А сам я? Заполняя при поступлении в университет анкету, я вкатил в графу "Были ли за границей и где?" такие страны, попасть в которые рядовой военфельдшер мог только в сказочном сне. Видите ли, мне показалось недостаточным пребывание в Польше, Германии, Австрии, Чехословакии, Венгрии, Румынии. Вписал еще Францию, Югославию, которую тогда кляли на всех перекрестках. Держись, Европа! При желании из меня можно было сделать резидента, по меньшей мере, десяти разведок. Видно, чье-то упущение или просто руки не дошли - на мое великое счастье!

Мих Ник - так его звали друзья - был всегда ко мне добр. Я же как-то очень быстро и рассудочно охладел к нему. До сих пор я казню себя за это. В конце концов, порывать о друзьями только потому, что ожидал от них чего-то большего, глупо и расточительно.
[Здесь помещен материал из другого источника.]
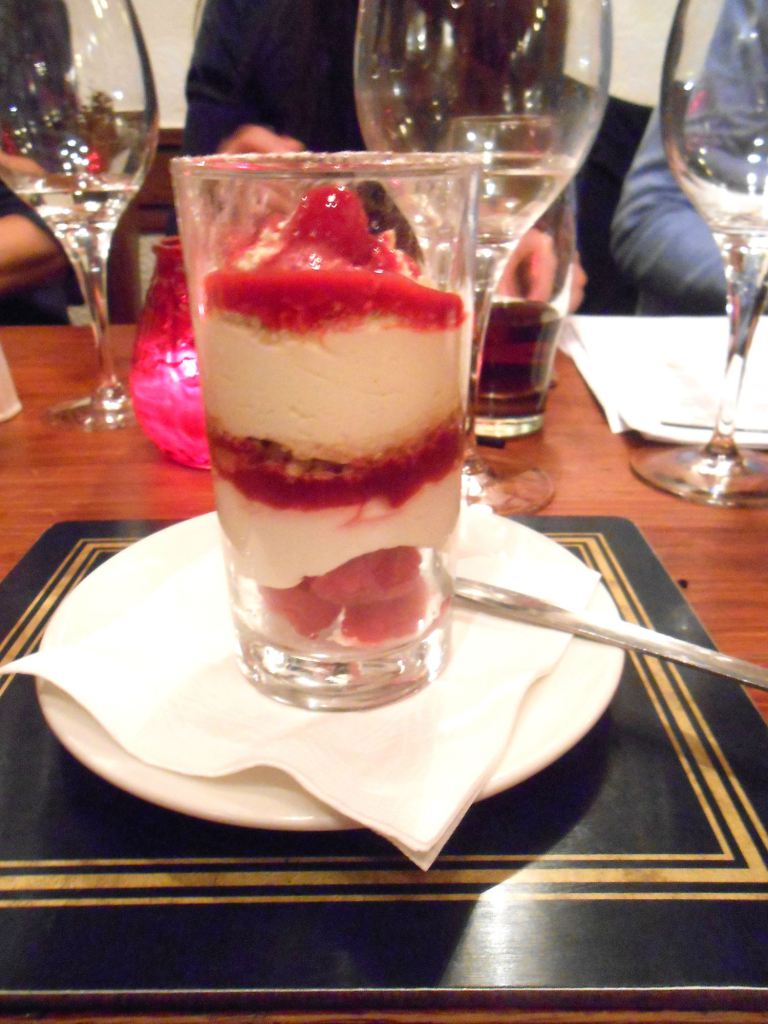 It is a mixture of whipped cream, whisky, honey and fresh raspberries, with toasted oatmeal soaked in whisky overnight. I didn’t taste much of the whisky though, the dessert was very sweet!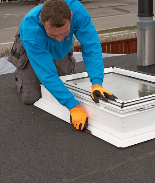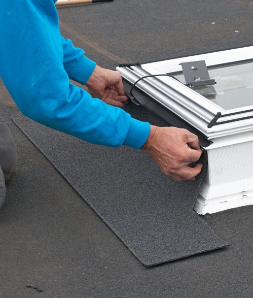 Vinduet er satt fast på taket. Nå skal vi sikre at det ikke kommer inn vann, verken fra regn eller smeltevann.
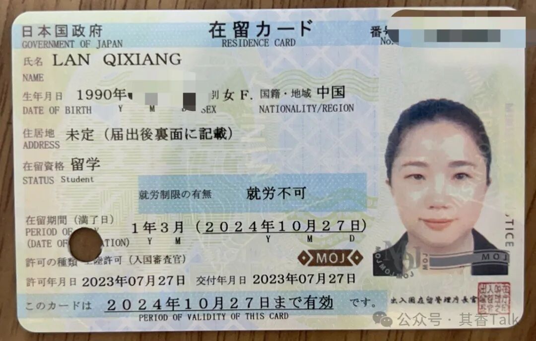 留学生在留卡是在入境的时候海关给的,把材料给工作人员,他会问你留学要不要兼职,一定要回答:要兼职。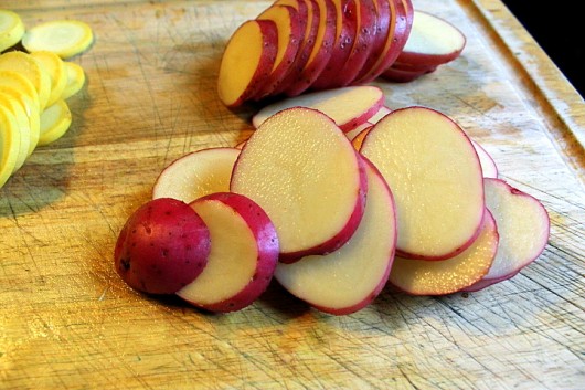 - 2 medium-size red potatoes, sliced into 1/8-inch rounds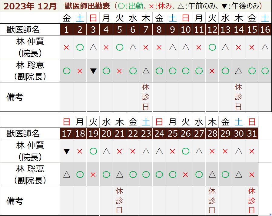 12月2日㈯~3日㈰午前中まで学会参加のため、12月17日㈰午後は勉強会参加のため、副院長は不在となります。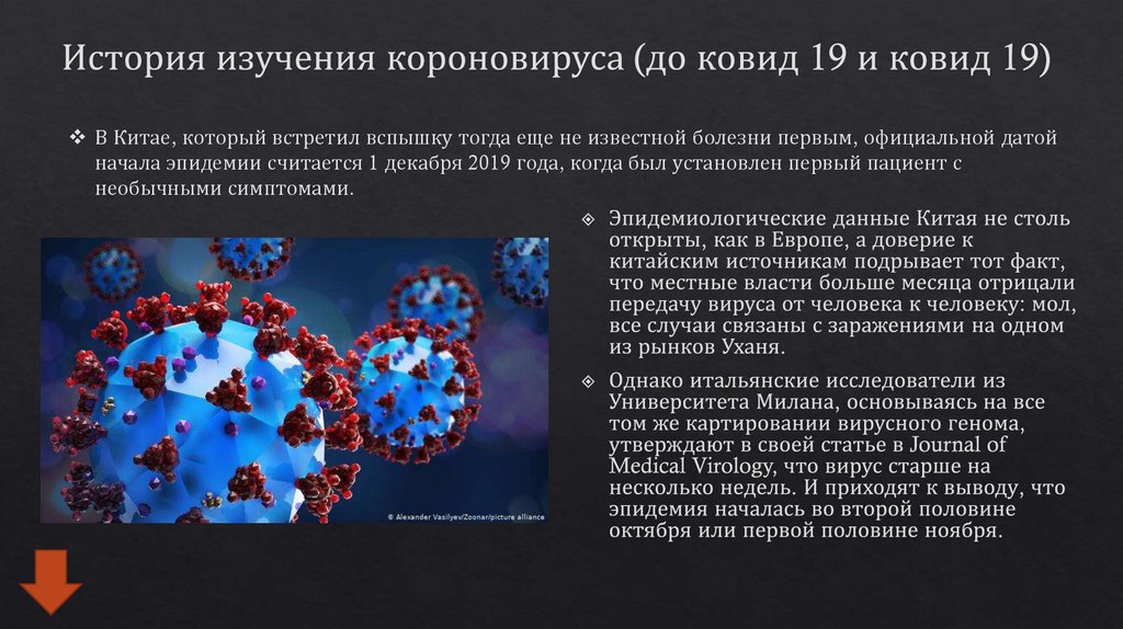 В Китае, который встретил вспышку тогда еще не известной болезни первым, официальной датойначала эпидемии считается 1 декабря 2019 года, когда был установлен первый пациент с
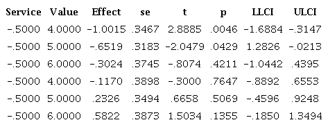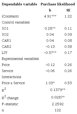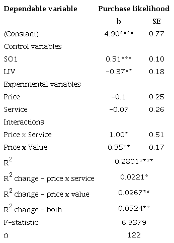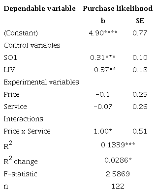 Table 2 shows the results of the interaction between price and service on the likelihood of purchasing an REVB and the moderation effect of perceived value. Unlike what was observed previously, price has a negative and significant direct effect on the likelihood of purchasing an REVB (b = -1.9576, se = 0.8692, t = -2.2521, p = 0.0262). Service, however, still has no significant direct effect on REVB.

Теперь я уверенно могу сказать, что он был по-настоящему хороший человек: добрый, мягкий, умный. Я не помню, какими ветрами занесло его в Улан-Удэ. Кажется, он жил здесь еще до войны или во время войны. Потом вернулся в Ленинград, но прожил там недолго. После банальной семейной драмы, завершившейся разводом, он окончательно перебрался в Забайкалье. Работал на радио, в газете, но незадолго до моего приезда ушел со службы и занялся литературным трудом. Его перевод романа Чимита Цыдендамбаева "Доржи, сын Базара" был признан блестящим. Поговаривали, что своим успехом книга во многом обязана мастерству переводчика...

Я не буду вдаваться в подробности, как я познакомился с Михаилом Николаевичем Степановым, да это и неважно: узок был в Улан-Удэ круг пишущих на русском языке, но чуть ли не в первый день знакомства - это было перед самыми ноябрьскими праздниками-он пригласил меня к себе домой.

Жил он тогда в маленькой комнатке в коммунальной квартире. За столом, когда я вошел, сидели обе его дочки - Танюша и Анечка. Сам он валялся одетый на постели: уже слегка принял в связи с праздниками. Весело и добродушно поздоровался: "Приветствую вас категорически!"

Был он среднего роста, довольно крепкого сложения. Один глаз у него сильно косил, и поэтому при разговоре с ним казалось, что он слушает невнимательно, что, помимо вас, его интересует еще что-то. По случайному и забавному совпадению, его старшая, неродная дочь Таня тоже косила. Но нет худа без добра. Кто-то со зла сказал девочке, что Михаил Николаевич не ее отец, и вдруг услышал в ответ решительное: "Нет, родной! У папы и у меня одинаково глаза косят! Вот!"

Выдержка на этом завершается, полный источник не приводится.